# WORK TO COMPLETE
Here the job is to repeat the listing exactly, but not the pictures in it.

----------

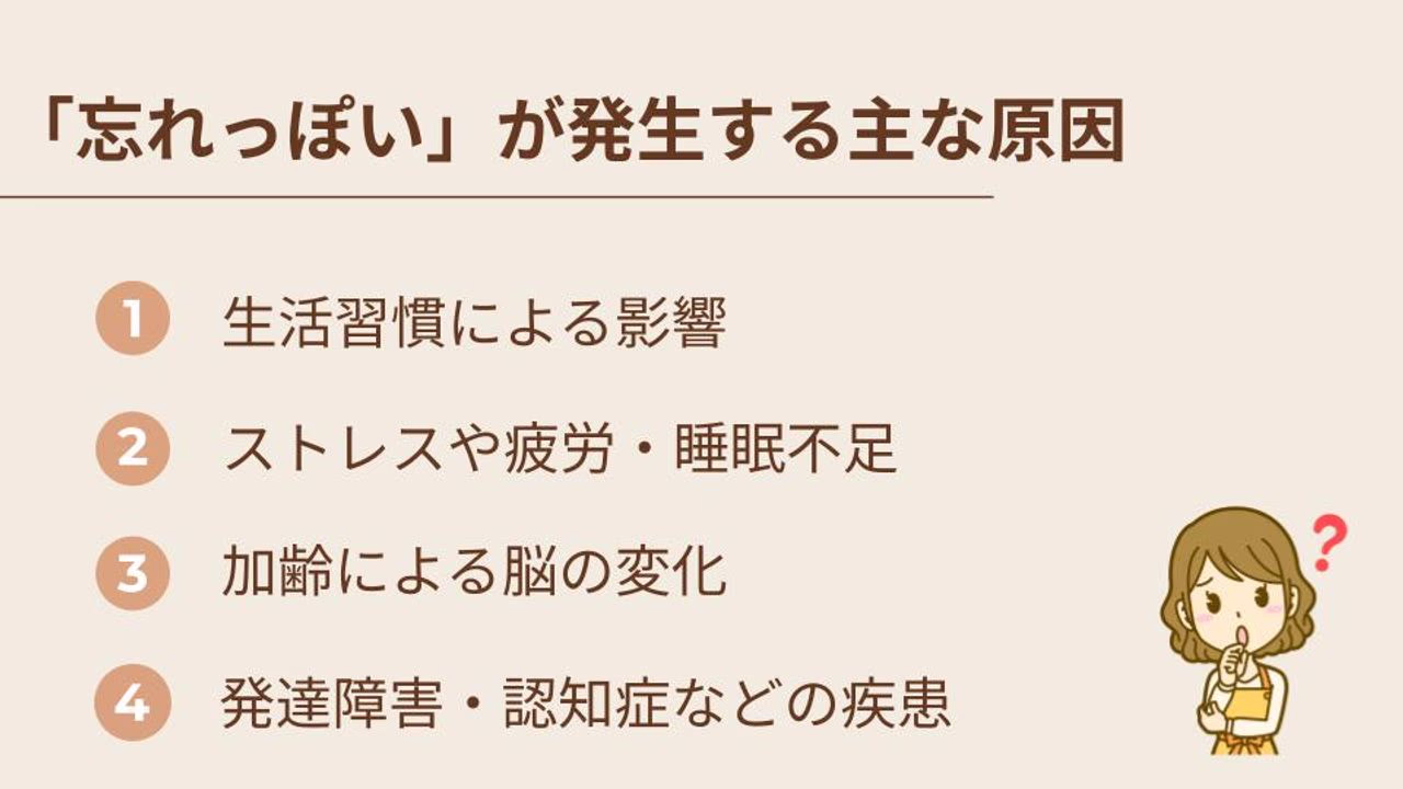 ここでは、「忘れっぽい」が発生する主な原因について解説します。
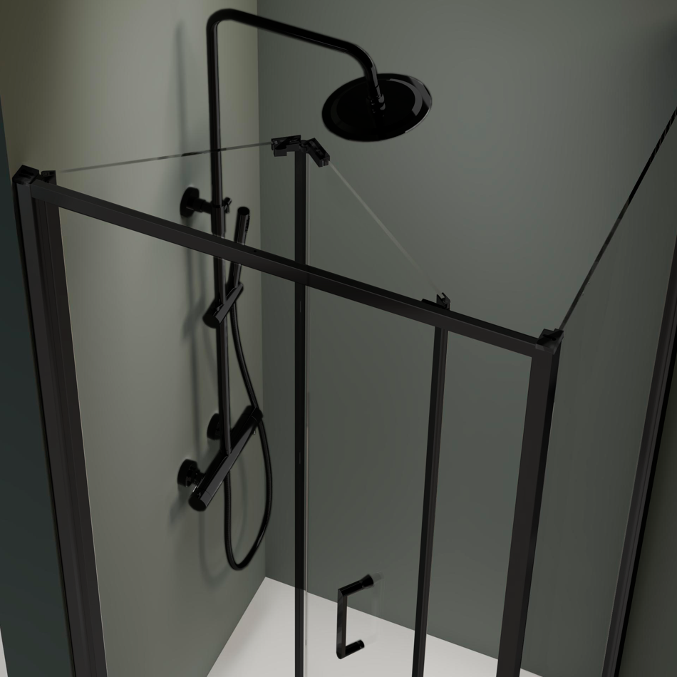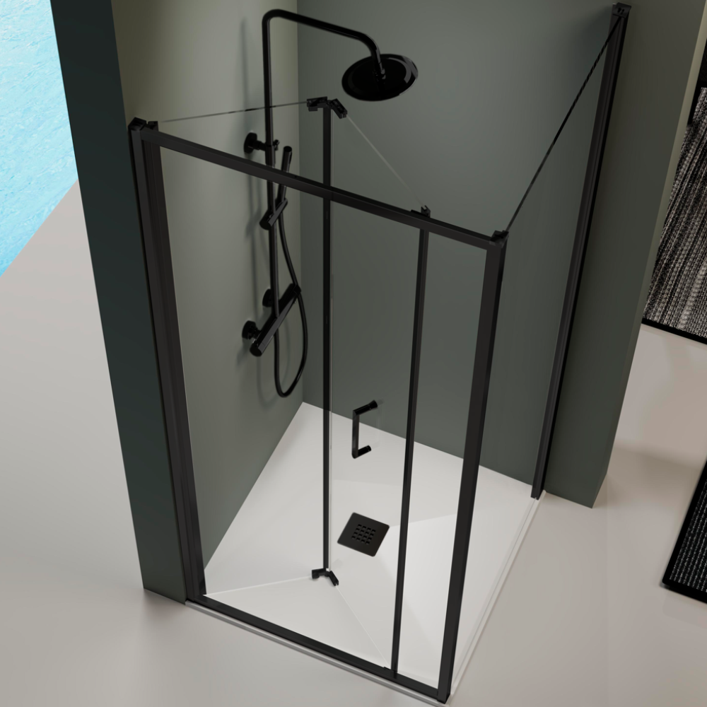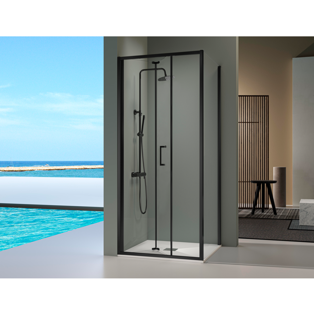 Paroi de douche de type porte pliante, modèle PRISMA, finition noir mat, de longueur 66 cm à 94 cm.
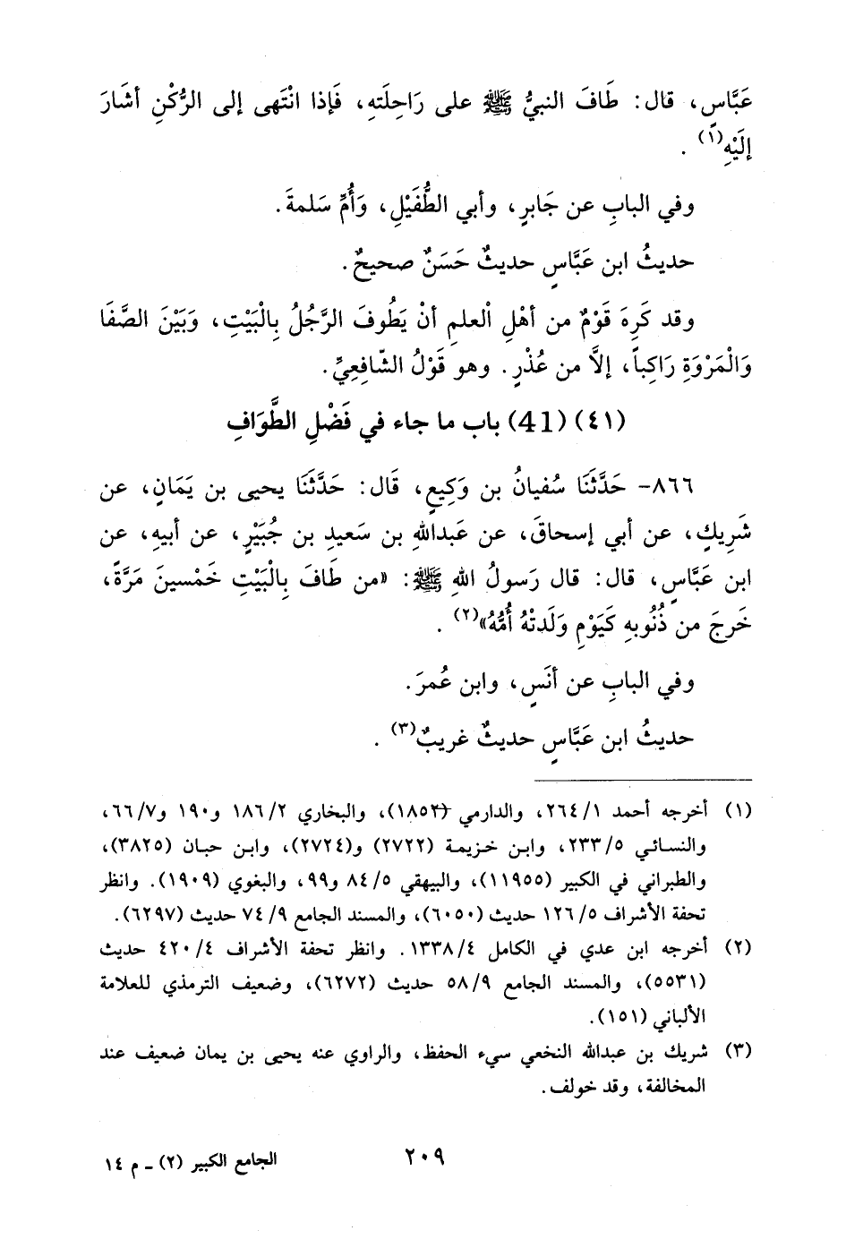حَدِيثُ ابْنِ عَبَّاسٍ حَدِيثٌ حَسَنٌ صَحِيحٌ، وَهُوَ الَّذِي يَسْتَحِبُّهُ أَهْلُ العِلْمِ أَنْ يَسْعَى بَيْنَ الصَّفَا وَالمَرْوَةِ، فَإِنْ لَمْ يَسْعَ وَمَشَى بَيْنَ الصَّفَا وَالمَرْوَةِ رَأَوْهُ جَائِزًا.
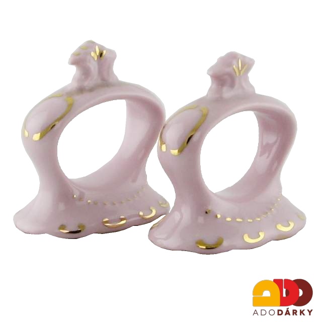 Dva ubrouskovníčky vyrobené z růžového porcelánu, ručně zdobené 14K zlatem. Porcelán je vyráběn českou porcelánkou Leander s více než stoletou tradicí a vlastními výrobními postupy.
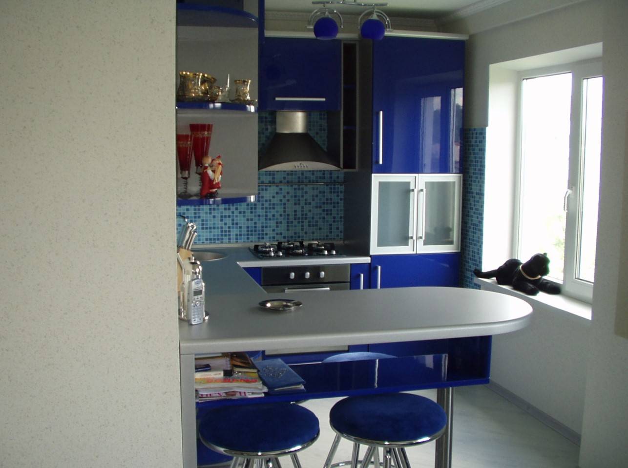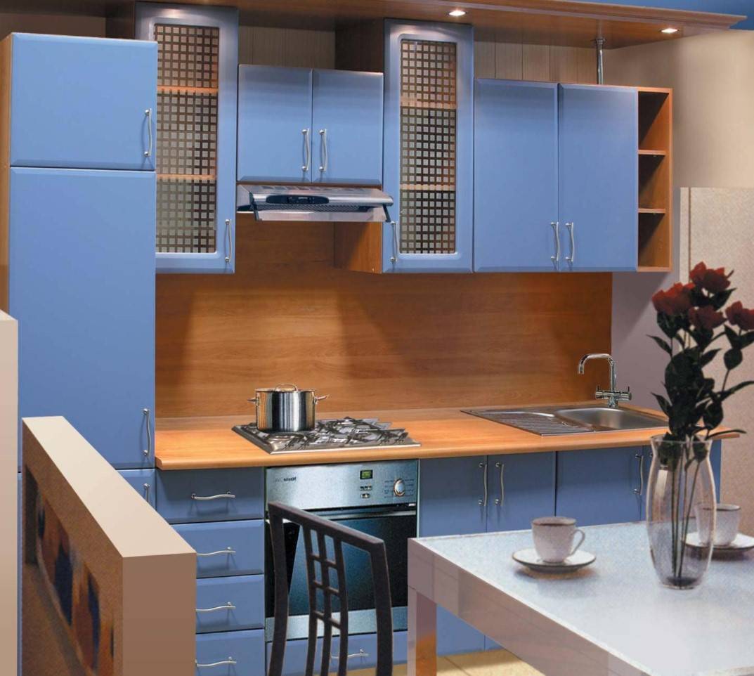 Для небольшой кухни наиболее выгодным будет использование светлых, ненасыщенных оттенков – лаванды, сирени, цикламена, в сочетании с белыми или кремовыми тонами. Особенную лёгкость интерьеру придадут блестящие поверхности фасадов и столешницы, серебристый цвет фурнитуры и кухонной техники.
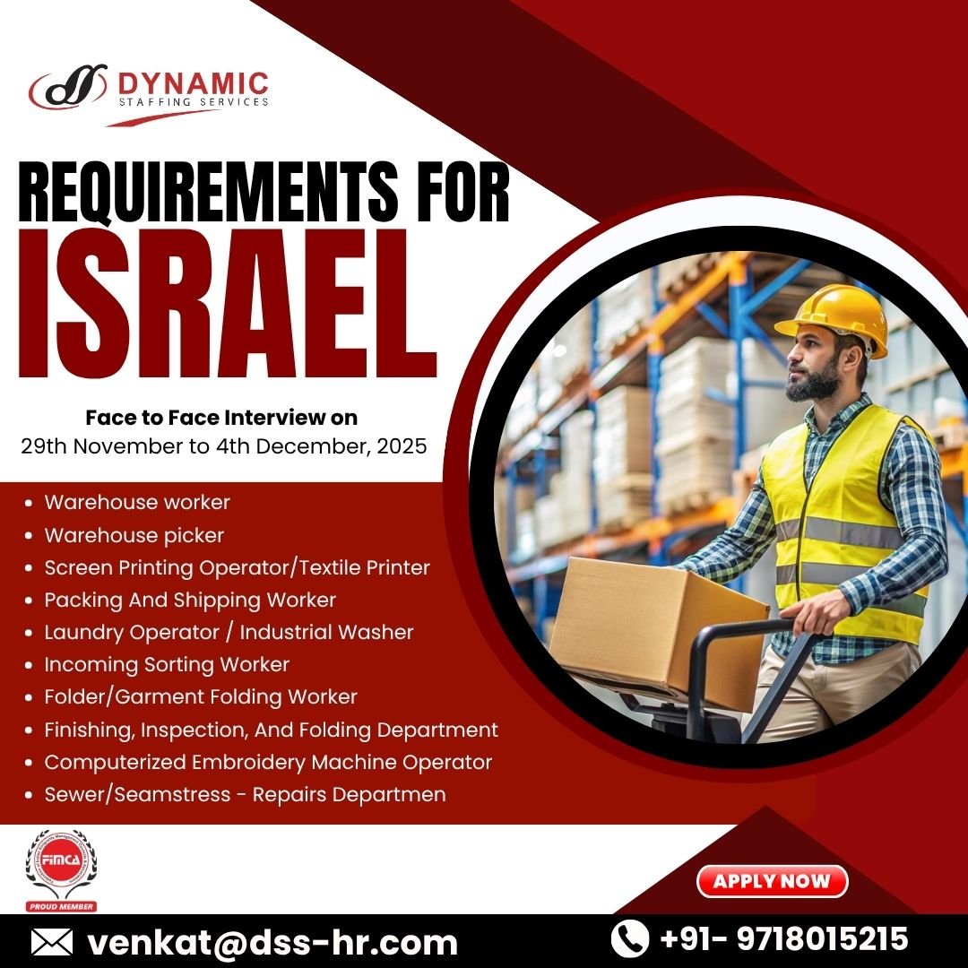 HIRING FOR ISRAEL Leading garment, textile & logistics companies in Israel recruiting entry-level & skilled workers for modern factories & warehouses. Face-to-face client interviews from 29th November to 4th December 2025 (venue to be announced). No prior experience needed for most roles – training provided. Attractive salary + overtime + free accommodation + food!
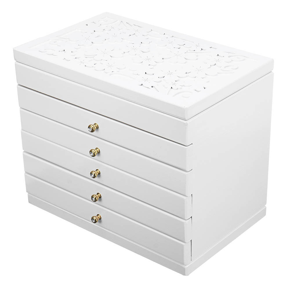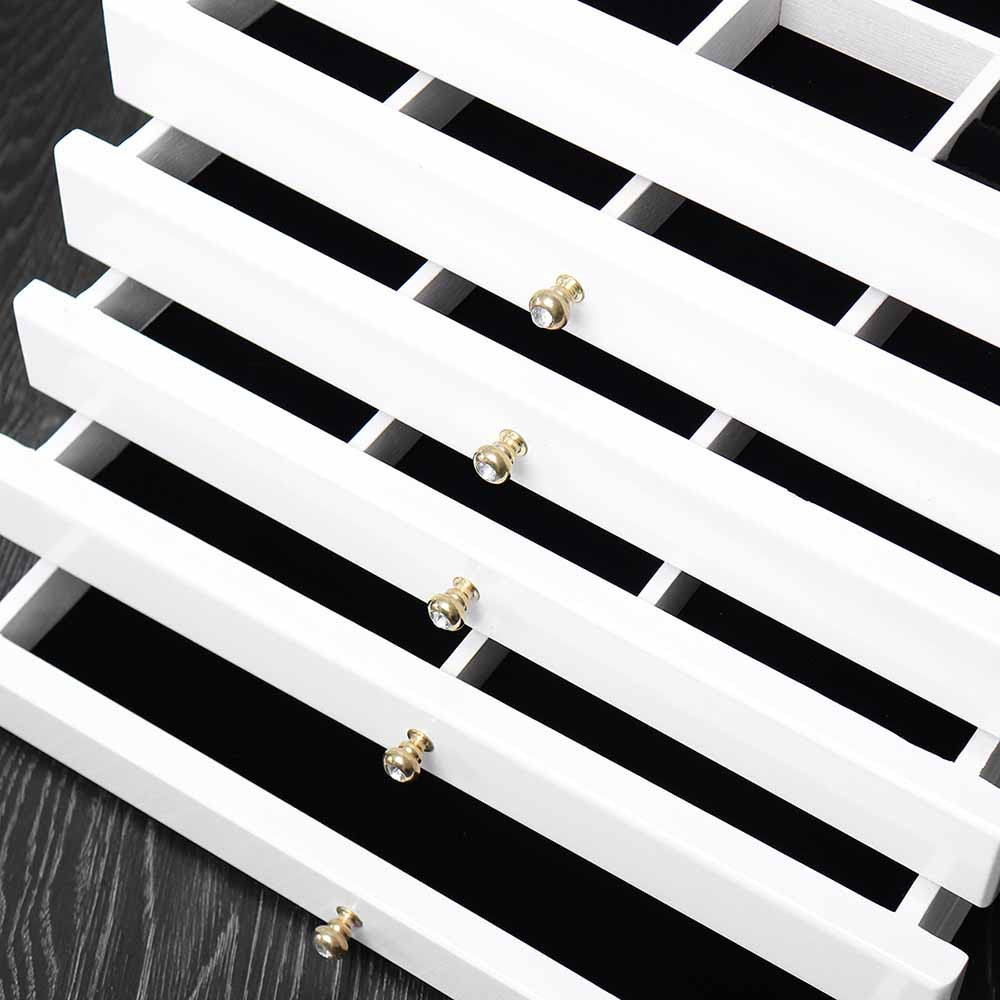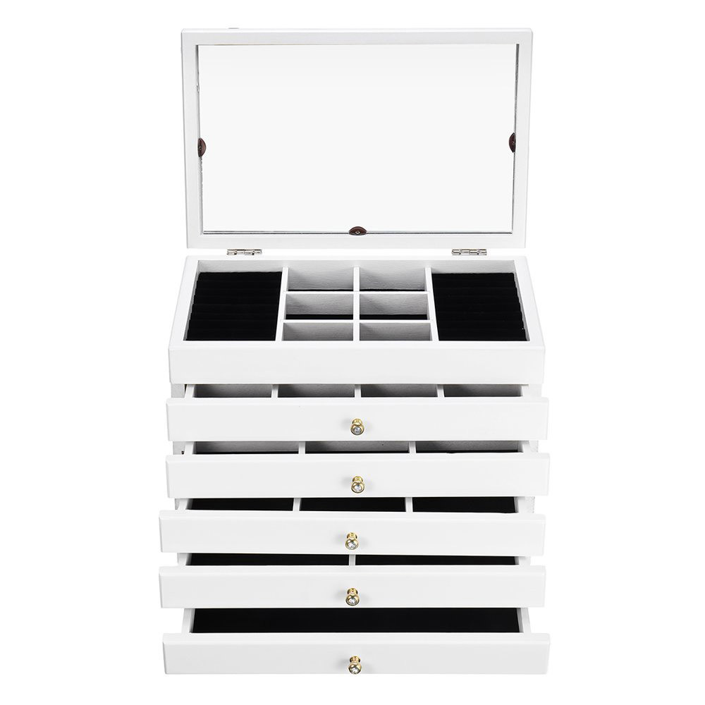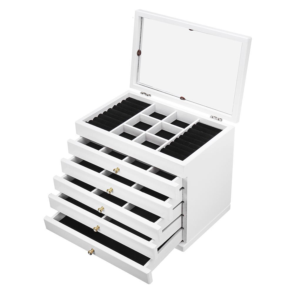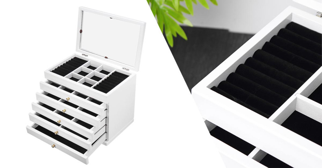 Questo organizzatore di gioielli a 6 scomparti è la scelta perfetta per chi cerca di riporre i propri gioielli preferiti in modo ordinato. I cinque cassetti estraibili e i compartimenti di stoccaggio separati garantiscono che ogni accessorio abbia il proprio posto. I rulli speciali progettati per gli anelli prevengono i graffi, mantenendo al sicuro anche i tuoi pezzi più costosi.

----------

# THE COMPLETED TASK
 ここでは、「忘れっぽい」が発生する主な原因について解説します。
 Paroi de douche de type porte pliante, modèle PRISMA, finition noir mat, de longueur 66 cm à 94 cm.
حَدِيثُ ابْنِ عَبَّاسٍ حَدِيثٌ حَسَنٌ صَحِيحٌ، وَهُوَ الَّذِي يَسْتَحِبُّهُ أَهْلُ العِلْمِ أَنْ يَسْعَى بَيْنَ الصَّفَا وَالمَرْوَةِ، فَإِنْ لَمْ يَسْعَ وَمَشَى بَيْنَ الصَّفَا وَالمَرْوَةِ رَأَوْهُ جَائِزًا.
 Dva ubrouskovníčky vyrobené z růžového porcelánu, ručně zdobené 14K zlatem. Porcelán je vyráběn českou porcelánkou Leander s více než stoletou tradicí a vlastními výrobními postupy.
 Для небольшой кухни наиболее выгодным будет использование светлых, ненасыщенных оттенков – лаванды, сирени, цикламена, в сочетании с белыми или кремовыми тонами. Особенную лёгкость интерьеру придадут блестящие поверхности фасадов и столешницы, серебристый цвет фурнитуры и кухонной техники.
 HIRING FOR ISRAEL Leading garment, textile & logistics companies in Israel recruiting entry-level & skilled workers for modern factories & warehouses. Face-to-face client interviews from 29th November to 4th December 2025 (venue to be announced). No prior experience needed for most roles – training provided. Attractive salary + overtime + free accommodation + food!
 Questo organizzatore di gioielli a 6 scomparti è la scelta perfetta per chi cerca di riporre i propri gioielli preferiti in modo ordinato. I cinque cassetti estraibili e i compartimenti di stoccaggio separati garantiscono che ogni accessorio abbia il proprio posto. I rulli speciali progettati per gli anelli prevengono i graffi, mantenendo al sicuro anche i tuoi pezzi più costosi.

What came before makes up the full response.